Вероятно, и многие из тех, кто движением тогда руководили, – или думали, что руководят, – убеждены были в возможности гармонического сочетания равенства со свободой. Не Ленин, конечно, человек дальновидный, отбросивший всякие иллюзии, но, скажем, Каменев или краснобай Луначарский, искренне, кажется, поверивший, что ворота в рай распахнуты и, после первых передряг, ему как “наркому” предстоит беспрепятственно сеять разумное и вечное. Однако вскоре истина стала очевидна, ошеломив одних, заставив других изощряться в “революционной диалектике”, то есть в более или менее бесстыдной болтовне. Истина обнаружилась: от свободы не осталось ничего ни для кого, и вовсе не потому, чтобы октябрь сбился с пути, изменил себе, нет, наоборот, потому, что он изменил бы себе, если бы свободы не уничтожил.
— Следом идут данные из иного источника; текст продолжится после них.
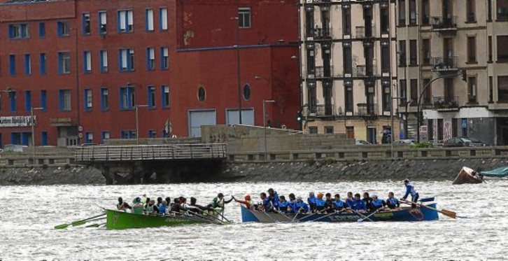 El mensaje llegó a Erandio y, remando por la ría, a Barakaldo. Allí estuvieron las representantes del centro asesor de la mujer Argitan para recibirlo entre saltos y ánimos y pasarlo a otros agentes de Ezkerraldea, una comarca donde se está recuperando el euskara poco a poco, entre otras cosas, gracias a las 500 personas que participan en las dinámicas de Berbalagun.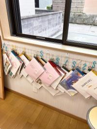 待合スペースには教材に出てくる本がたくさん。本好きに育てます。
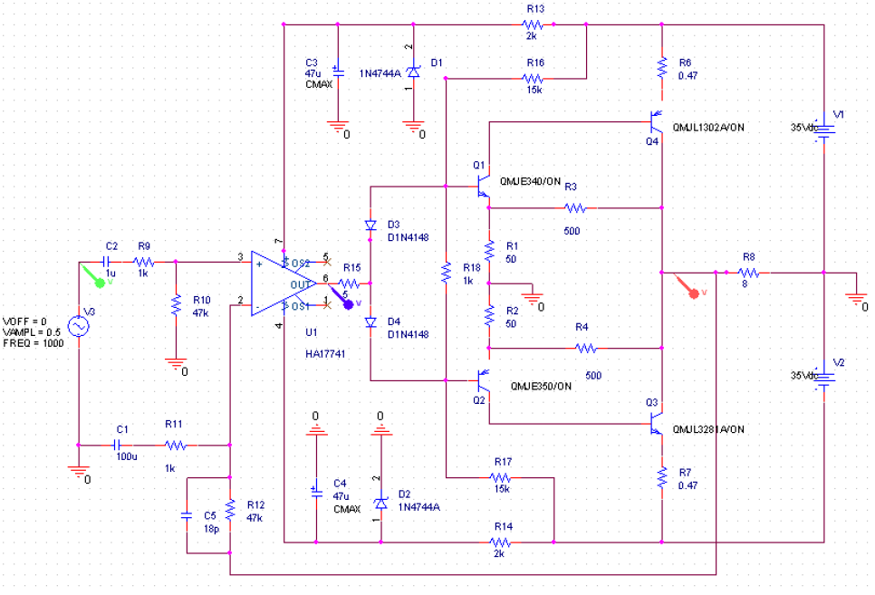 จากรูปที่2 เป็น Nomo graph แสดงค่า slew rate มีความสัมพันธ์กับแรงดันเอาต์พุตและความถี่สูงสุดจะเห็นได้ว่าหากต้องการขยายสัญญาณความถี่สูงและแรงดันเอาต์พุตสูงวงจรขยายสัญญาณต้องมีค่า slew rate สูงตามไปด้วย จากกราฟในรูปที่2 หากกำหนดความถี่สูงสุดที่20kHz และค่า slew rate 0.5V/us ต้องหลีกเลี่ยงไม่ให้สัญญาณเอาต์พุตจากออป-แอมป์มีการสวิงสัญญาณเกิน 4Vp ดังนั้นหน้าที่การขยายแรงดันที่จะทำให้ได้กำลังสูงสุดตามต้องการจึงต้องพึ่งภาคขยายถัดมานั่นก็คือส่วนของภาคเอาต์พุตโดยภาคเอาต์พุตของวงจรเพาเวอร์แอมป์ 741 จะถูกออกแบบมาให้มีความสามารถในการขยายแรงดันได้ซึ่งเป็นวงจรแบบคอมม่อนอีมิเตอร์ วงจรดังรูปที่ 3 เป็นวงจรในส่วนของภาคเอาต์พุตโดยมีการจัดไบอัสไว้แบบคลาส AB ซึ่งจะเห็นว่ามี V3, V4 เป็นแบตเตอรี่ซึ่งกำหนดแรงดันไว้ประมาณ VBE ของทรานซิสเตอร์ซึ่งในวงจรจริงจะใช้แรงดันตกคร่อมภายในไดโอด D3,D4 ทำงานร่วมกันกับ R16,R17,R18 ภาคเอาต์พุตที่มีอัตราขาย10 เท่า คำนวณจากค่า R3/R1 นั่นก็คือ 500/50 = 10 เท่า ซึ่งหากต้องการออกแบบเพาเวอร์แอมป์กำลังเอาต์พุต 30วัตต์ ที่โหลด 8 โอห์มวงจรจะต้องขยายแรงดันให้ตกคร่อมลำโพงไม่น้อยกว่า 16Vrms หรือประมาณ 22Vp หากคิดอัตราขยายของภาคเอาต์พุตไว้ที่ 10 เท่า จะต้องใช้สัญญาณเอาต์พุตจากออป-แอมป์ไม่น้อยกว่า 2.2Vp ซึ่งเอาต์พุตของออป-แอมป์ทั่วที่มีแหล่งจ่าย +/-15Vdc สามารถขับได้อยู่แล้วซึ่งดูแล้วเหมือนจะง่ายๆใช่ไหมครับ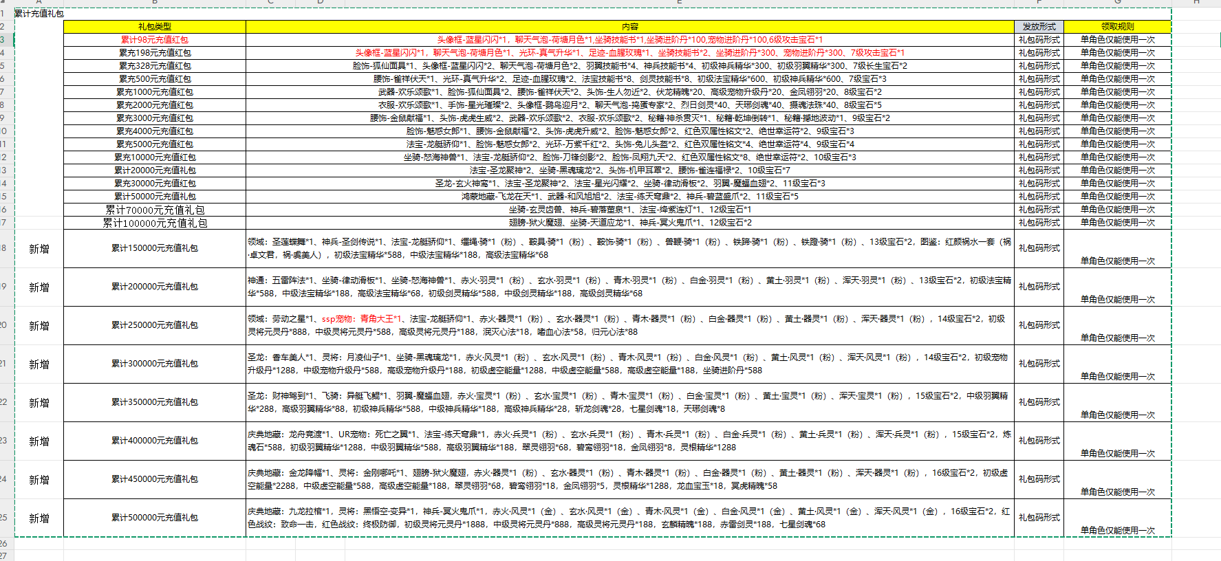 | 累充500元充值红包 | 羽翼技能书*4、法宝技能书*4、神兵技能书*4、剑灵技能书*4、坐骑技能书*4、7级宝石*5 | 礼包码形式 | ||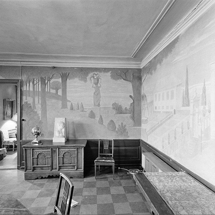 Götgatan 16. Ebba Brahes palats. Interiör med väggmålning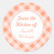 Estos pegatinas de cocina personalizados están decorados con un patrón de gingham de durazno. Cambie el nombre para personalizar estos pegatinas. Utilice estos elegantes pegatinas para regalos, horneado, etc...El diseño es de arte original.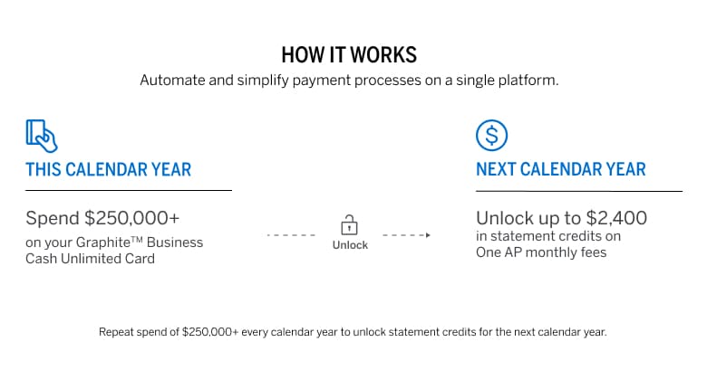 Unlock up to $2,400 in statement credits for use in the next calendar year on American Express One AP® monthly fees*** after you spend $250,000 on eligible purchases on the Graphite™ Business Cash Unlimited Card in this calendar year.**** Statement credits will be applied to your monthly bill charged to the Card for our accounts payable solution, One AP. Terms apply.7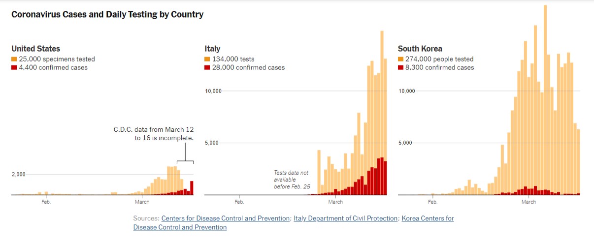 Вначале было очень медленное реагирование на проблему. Данные тестирования на коронавирус были труднодоступными в Соединенных Штатах. Исходя из официальных правительственных источников, вот как сравниваются усилия по тестированию в Соединенных Штатах с усилиями в Италии и Южной Корее: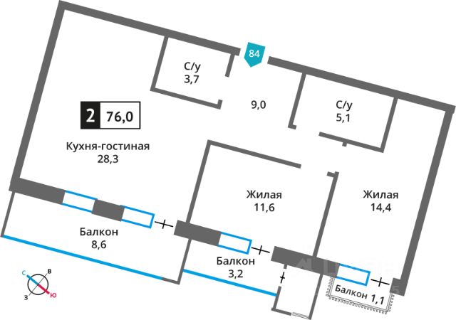 Продаётся 2-комнатная квартира в строящемся доме (Корпус 41), срок сдачи: II-кв. 2026, общей площадью 76 кв.м., на 2 этаже. Новый жилой комплекс "Отрада на реке" от Застройщика Отрада Девелопмент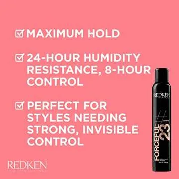 Show moreIntroducing Redken Forceful 23 Super Strength Hairspray, a game-changing finishing spray designed for all hair types. This premium hairspray is crafted to provide the ultimate hold and long-lasting style, ensuring your look remains flawless and vibrant throughout the day. With an impressive 9.8-ounce formula, it not only locks in your style but also enhances your hair's natural shine. Whether you're aiming for sleek sophistication, playful curls, or an effortlessly tousled finish, Redken Forceful 23 has you covered with its enhanced performance.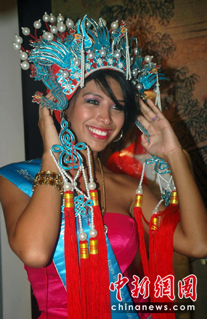 5月24日,海南三亞,正在此間參加第35屆國(guó)際比基尼小姐全球總決賽的64位佳麗,參觀了三亞一家珍珠博物館。佳麗們對(duì)漂亮的珍珠十分鐘愛(ài),在攝影師前擺出各種“POSE”,留下美麗身影。 中新社記者 尹海明攝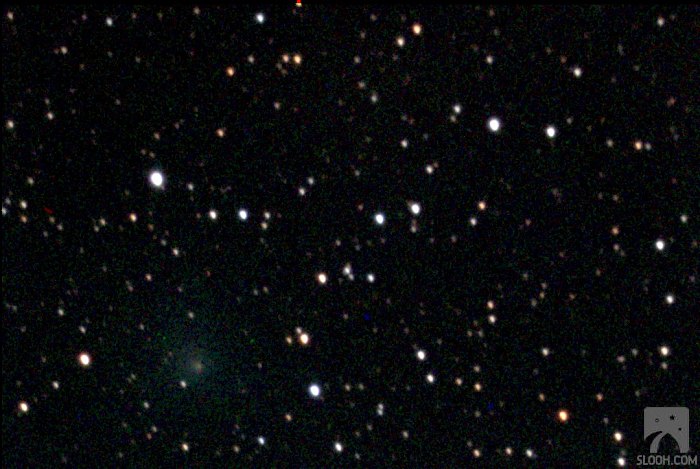 | Bericht: | Der derzeit noch recht schwache Komet C/2008 T2 (Cardinal) wandert derzeit entlang der Wintermilchstraße nach Süden und passiert dabei mehrere Deep Sky Objekte in kurzer Distanz - siehe unsere Spezialseite. In der Nacht vom 31. März auf den 1. April steht die erste Passage des Kometen bei einem offenen Sternhaufen auf dem Programm, es ist der lockere Haufen NGC 1664 an der Grenze vom Perseus zum Fuhrmann. Bedingt durch meinen Kurs "Einführung in die sphärische Astronomie" - und auch bedingt durch die Dämmerung - kann ich erst später beobachten, da hat sich der Komet schon von dem Haufen entfernt. Ja, und bedingt durch bedeckten Himmel in Wien (zur "Abwechslung" wieder einmal) beobachte ich mit Slooh in Teneriffa, wo der Himmel am Abend zum Glück aufklarte, die Wolken sich verzogen.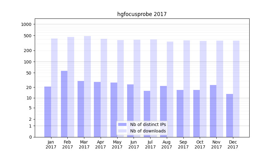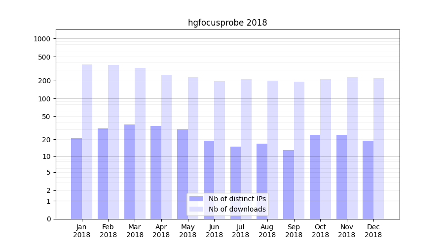 Number of downloads for annotation package hgfocusprobe, year by year, from 2025 back to 2014 (years with no downloads are omitted):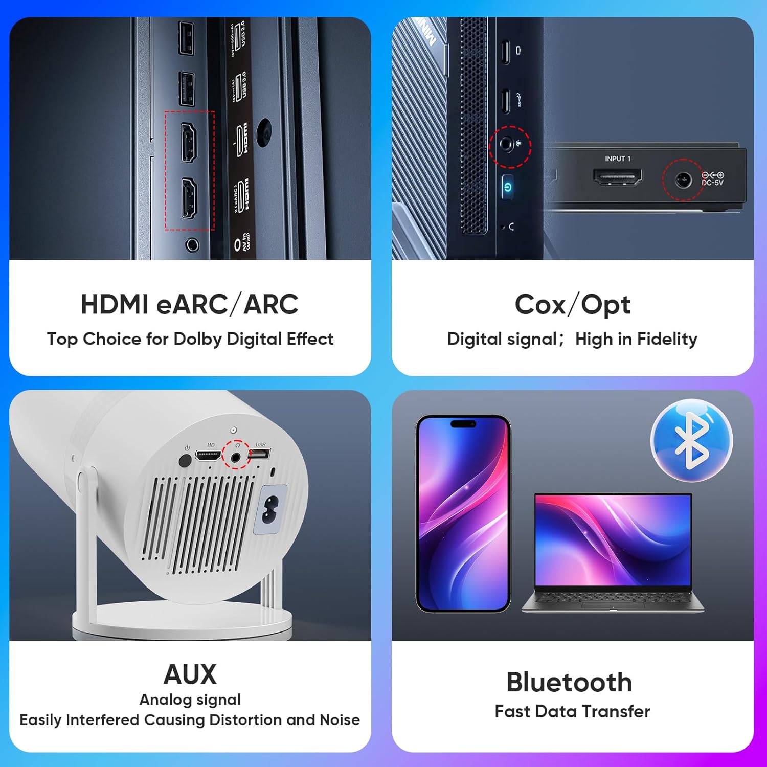 eARC/ARC: Top audio effectsOpt/Cox: Digital, high – fidelityAux: Analog, distorts & noisy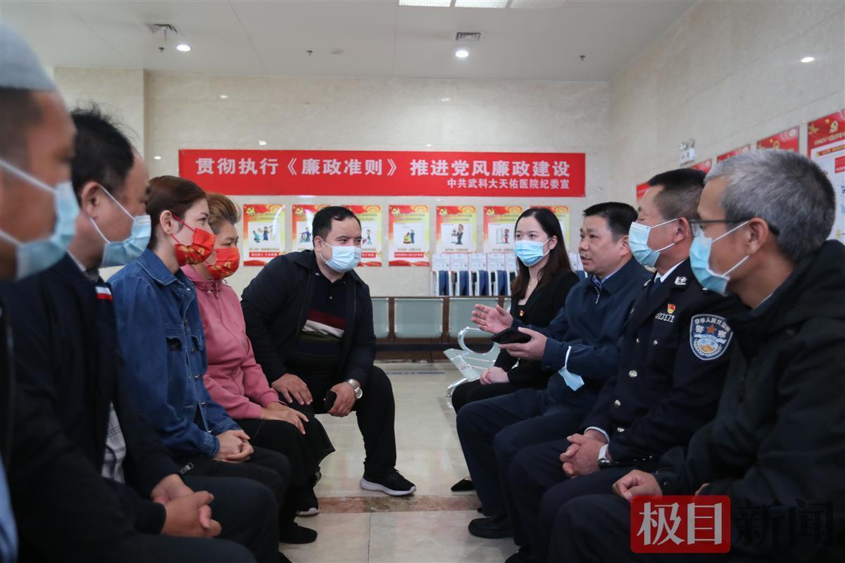 9月22日,市、区民宗部门及时到天佑医院看望阿迪力江·艾尔肯,安慰鼓励伤者家属。同一天,天佑医院组建专家小组研讨制定救治方案,洪山区成立工作专班做好病人家属后勤服务工作。24日,市、区各部门和医院召开专题会,研究救治工作具体步骤和安排。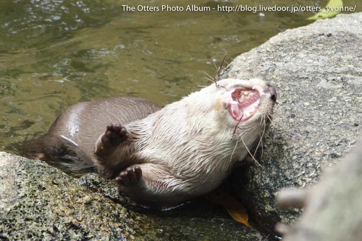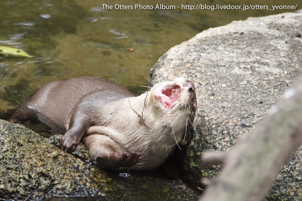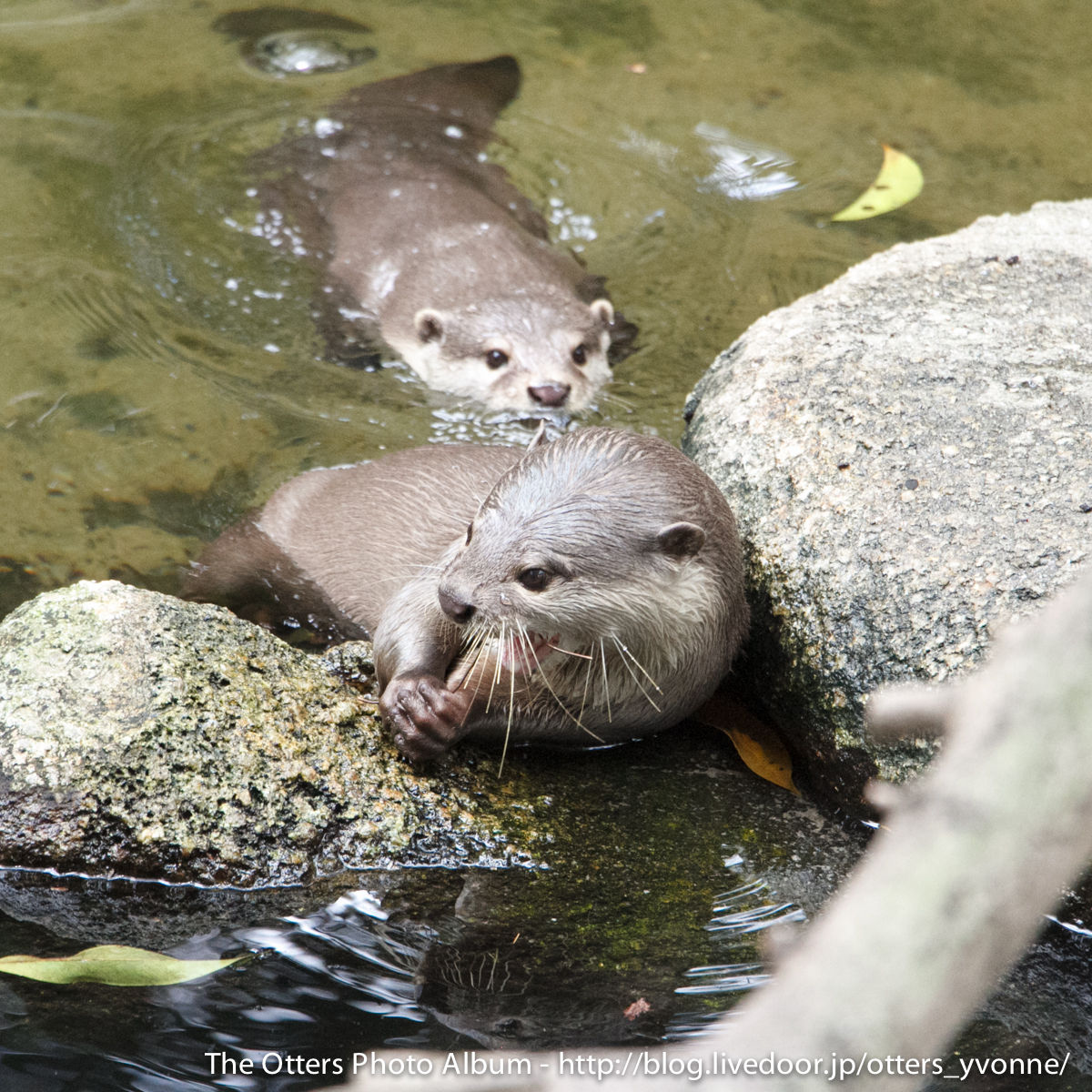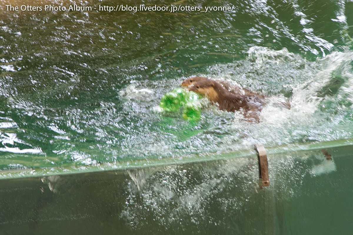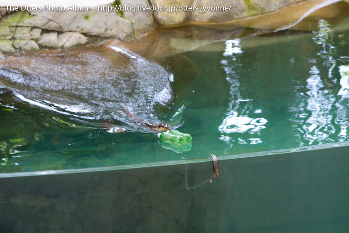 オネイサンが投げた緑色のペットボトルをコツメが泳いで追っかけていたらしい。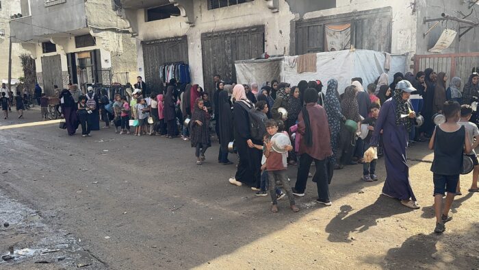Les enfants attendent la nourriture et les femmes libérent l’espoir : le travail humanitaire de l’Ujfp, le 10 octobre, à l’annonce du cessez-le-feu non appliqué.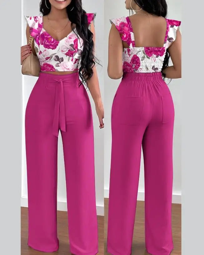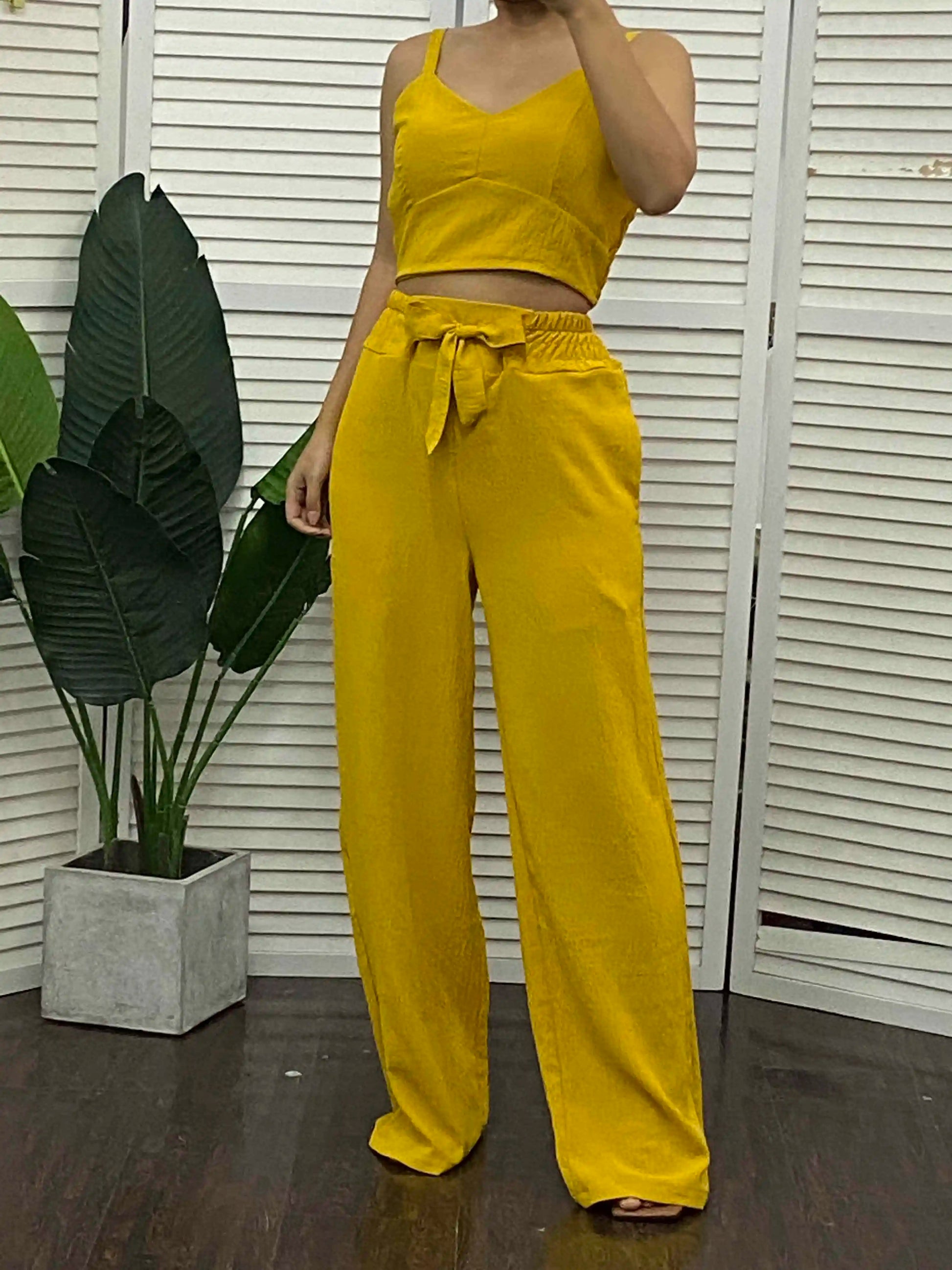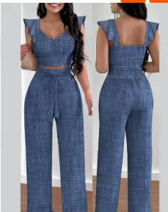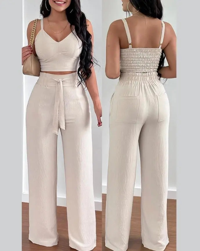 Step up your wardrobe with the perfect blend of sophistication and comfort. CHAXIAOA’s V-neck sleeveless shirred crop top and wide-leg pants set is a must-have for the modern, fashion-forward woman.

Конечно, это лишь схема того, что произошло, а жизнь мало бывает похожа на схему. Еще раз: бесчисленные, почти неуловимые мотивы должны были сплестись, прежде чем образовать реальное историческое целое. Но схема тоже имела значение, и, вероятно, не меньшее, нежели что-либо иное… Движение по линии свободы, то есть со свободой в качестве конечной цели, сопротивления не встречает. Движение по линии равенства наталкивается на бесчисленные “не хочу” не только сверху, но и снизу, задолго до всех проблематических будущих свершений. Отталкивает и ужасает новый, неожиданный тон власти, с первыми угрозами, с явственно ощущаемым впереди переходом от простого понуждения к чему-то неизмеримо более бесчеловечному и беспощадному.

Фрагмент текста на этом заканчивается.